[None][perf] set ncclConfig graphUsageMode=1 on communicator init by nv-lschneider · Pull Request #13511 · NVIDIA/TensorRT-LLM

nv-lschneider · 2026-04-27T15:24:29Z

Summary by CodeRabbit

Refactor
- Improved NCCL communicator initialization with enhanced configuration parameters.

Description

This sets the NCCL graph mixing support to a single graph.
https://docs.nvidia.com/deeplearning/nccl/user-guide/docs/api/types.html#c.ncclConfig_t.graphUsageMode
This eliminates an overhead before NCCL calls within captured graphs.

The risk is that this shifts the responsibility to not overlap NCCL operations within graphs, with either NCCL operations in other graphs or uncaptured calls.
From what I can see it is safe to do so today, but there is a risk to shift to this behavior.
Careful testing will be necessary.

Test Coverage

All kinds of parallel usage modes should be tested.
Starting with CI.

PR Checklist

Please check this after reviewing the above items as appropriate for this PR.

GitHub Bot Help

To see a list of available CI bot commands, please comment /bot help.

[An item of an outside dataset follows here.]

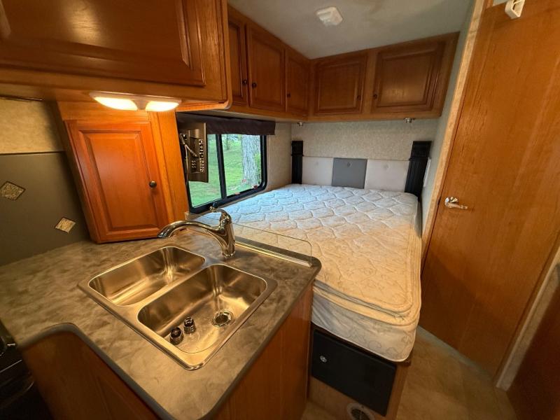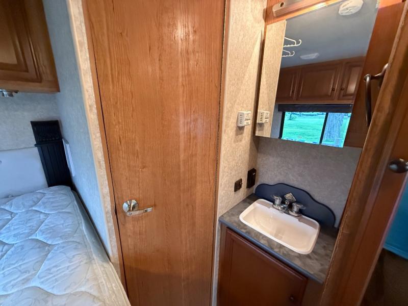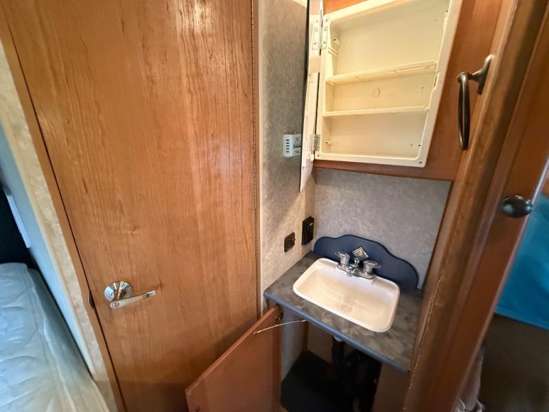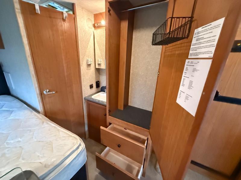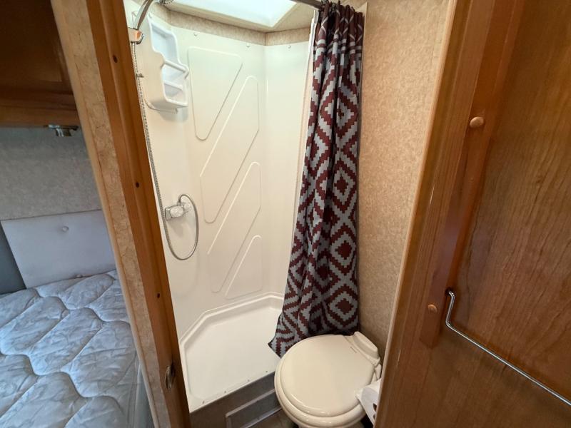 In the back of the motor home, you will find a queen bed. The bathroom has a shower and toilet. There is a sink and wardrobe just outside of the bathroom.

nv-lschneider · 2026-04-27T15:25:34Z

/bot run --add-multi-gpu --disable-fail-fast

coderabbitai · 2026-04-27T15:28:26Z

📝 Walkthrough

Walkthrough

NCCL communicator initialization in the common utilities is updated to use the ncclCommInitRankConfig API instead of ncclCommInitRank. A configuration object with graph usage mode enabled is created and passed to the initialization call, modifying the communicator setup parameters without changing surrounding logic.

Changes

Cohort / File(s)	Summary
NCCL Communicator Configuration `cpp/tensorrt_llm/common/opUtils.cpp`	Updated `getComm` to initialize NCCL communicators using `ncclCommInitRankConfig` with explicit configuration enabling `graphUsageMode = 1`, replacing the previous `ncclCommInitRank` call.

Estimated code review effort

🎯 2 (Simple) | ⏱️ ~8 minutes

🚥 Pre-merge checks | ✅ 4 | ❌ 1

❌ Failed checks (1 warning)

Check name	Status	Explanation	Resolution
Description check	⚠️ Warning	The PR description explains the change and its intent clearly, but is missing the required ticket/issue format in the title and incomplete sections.	Add proper ticket format to title (e.g., [TRTLLM-XXXX], [`#XXXX`], or [https://nvbugs/XXXXXXX]). Complete missing sections: PR title with type indicator, and verify test coverage details are sufficient.

✅ Passed checks (4 passed)

Check name	Status	Explanation
Title check	✅ Passed	The title clearly and specifically describes the main change: setting ncclConfig graphUsageMode=1 during communicator initialization for performance improvement.
Docstring Coverage	✅ Passed	Docstring coverage is 100.00% which is sufficient. The required threshold is 80.00%.
Linked Issues check	✅ Passed	Check skipped because no linked issues were found for this pull request.
Out of Scope Changes check	✅ Passed	Check skipped because no linked issues were found for this pull request.

_{✏️ Tip: You can configure your own custom pre-merge checks in the settings.}

✨ Finishing Touches

🧪 Generate unit tests (beta)

Create PR with unit tests

_{Comment @coderabbitai help to get the list of available commands and usage tips.}

coderabbitai

Actionable comments posted: 1

Caution

Some comments are outside the diff and can’t be posted inline due to platform limitations.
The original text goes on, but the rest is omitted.